For values of $x$ far from $T$, the series is not accurate enough because more terms would be necessary. But incressing the number of terms of the series becomes more and more complicated because it is an ardous and boring task to compute the inverse series.
So, on a practical viewpoint, it should be simpler and more reliable to use a numerical method for solving the ODE.

Added on the figure : Comparison with a purely numerical method (finite elements $dx=0.0001$ )
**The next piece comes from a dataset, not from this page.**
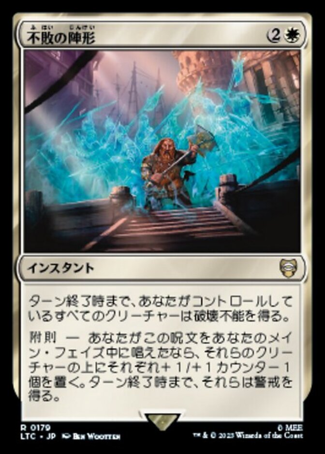 | Rules | Creatures you control gain indestructible until end of turn. Addendum — If you cast this spell during your main phase, put a +1/+1 counter on each of those creatures and they gain vigilance until end of turn. |

Later, with the help of a software for formal calculus, I obtained the fourth term of the series :

The next figure gives a glimpse of the convergence of the series. One see that a large number of terms are necessay if enough accuracy is expected in the range of $x$ close to $0$.
 
A: This is not really an answer but maybe it'll add something to the discussion. Anyway, I'm confused, and let me explain why.
If you substitute $x=f(t)$ into your equation you get $$ \frac{f'(f(t))}{f(t)}=\frac{1}{t}+\alpha,\ \ \alpha=1/k.$$ Note that $t=f^{-1}(x)\in f^{-1}([0,T])=[t_0,T]$ where $t_0=f^{-1}(0)\ge 0$ if $f$ does attain the value zero (if not, $t_0=0$ and the interval is half-open).
Multiplying by $f(t)f'(t)$ and integrating from $t_0$ to $x$ we get $$\int_{t_0}^xf'(t)f'(f(t))\ dt = \int_{t_0}^x(\alpha+1/t)f'(t)f(t)\ dt, $$ or $$ 2f\circ f(x)=(\alpha+1/x)f(x)^2 +\int_{t_0}^x\left[\frac{f(t)}{t}\right]^2\ dt.$$ Plugging in $x=T$ we in particular obtain $$ T=\alpha T^2+\int_{t_0}^T\left[\frac{f(t)}{t}\right]^2\ dt.$$ This means that the condition $\alpha T<1$, or $T/k<1$, should be satisfied for a solution to exist. For $T=1, k=1/2$ the condition is not satisfied, which confuses me since the numerics above answers seem legit.
As a curiosity, one can also obtain the relation $$ \alpha T=\alpha f(x)+\int_{f(x)}^x\frac{f'(u)}{u}\ du, \ \ x\ge t_0.$$ From this is possible to see that if $t_0=0$ then the integral $$\int_0^T\frac{f'(u)}{u}\ du$$ must diverge. If $t_0>0$, then it is finite.